§ **Available data**:

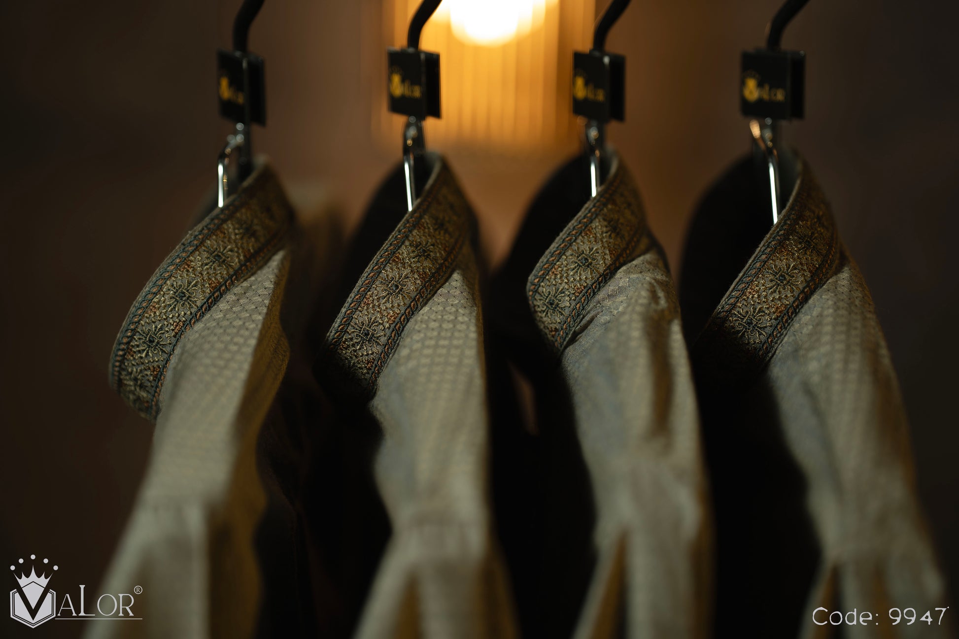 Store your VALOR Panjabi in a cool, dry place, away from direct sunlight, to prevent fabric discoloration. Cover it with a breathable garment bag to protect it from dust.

* * *

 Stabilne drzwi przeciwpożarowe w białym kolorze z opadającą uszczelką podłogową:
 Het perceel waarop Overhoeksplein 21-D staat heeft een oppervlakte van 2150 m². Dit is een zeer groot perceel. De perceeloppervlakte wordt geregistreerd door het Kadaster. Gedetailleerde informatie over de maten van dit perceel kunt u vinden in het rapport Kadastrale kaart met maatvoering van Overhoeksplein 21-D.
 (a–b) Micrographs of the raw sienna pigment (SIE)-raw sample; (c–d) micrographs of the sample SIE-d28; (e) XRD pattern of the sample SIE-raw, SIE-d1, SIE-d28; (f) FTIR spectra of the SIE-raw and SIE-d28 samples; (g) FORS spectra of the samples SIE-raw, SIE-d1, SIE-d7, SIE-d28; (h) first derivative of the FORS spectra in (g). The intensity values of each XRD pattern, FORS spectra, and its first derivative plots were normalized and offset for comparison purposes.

§ **Task prompt**:
Every line from the line containing "Stabilne drzwi przeciwpożarowe" through the line containing "(a–b) Micrographs of" in the records above must be retyped exactly. Leave out the rest.

§ **Answer for the task**:
 Stabilne drzwi przeciwpożarowe w białym kolorze z opadającą uszczelką podłogową:
 Het perceel waarop Overhoeksplein 21-D staat heeft een oppervlakte van 2150 m². Dit is een zeer groot perceel. De perceeloppervlakte wordt geregistreerd door het Kadaster. Gedetailleerde informatie over de maten van dit perceel kunt u vinden in het rapport Kadastrale kaart met maatvoering van Overhoeksplein 21-D.
 (a–b) Micrographs of the raw sienna pigment (SIE)-raw sample; (c–d) micrographs of the sample SIE-d28; (e) XRD pattern of the sample SIE-raw, SIE-d1, SIE-d28; (f) FTIR spectra of the SIE-raw and SIE-d28 samples; (g) FORS spectra of the samples SIE-raw, SIE-d1, SIE-d7, SIE-d28; (h) first derivative of the FORS spectra in (g). The intensity values of each XRD pattern, FORS spectra, and its first derivative plots were normalized and offset for comparison purposes.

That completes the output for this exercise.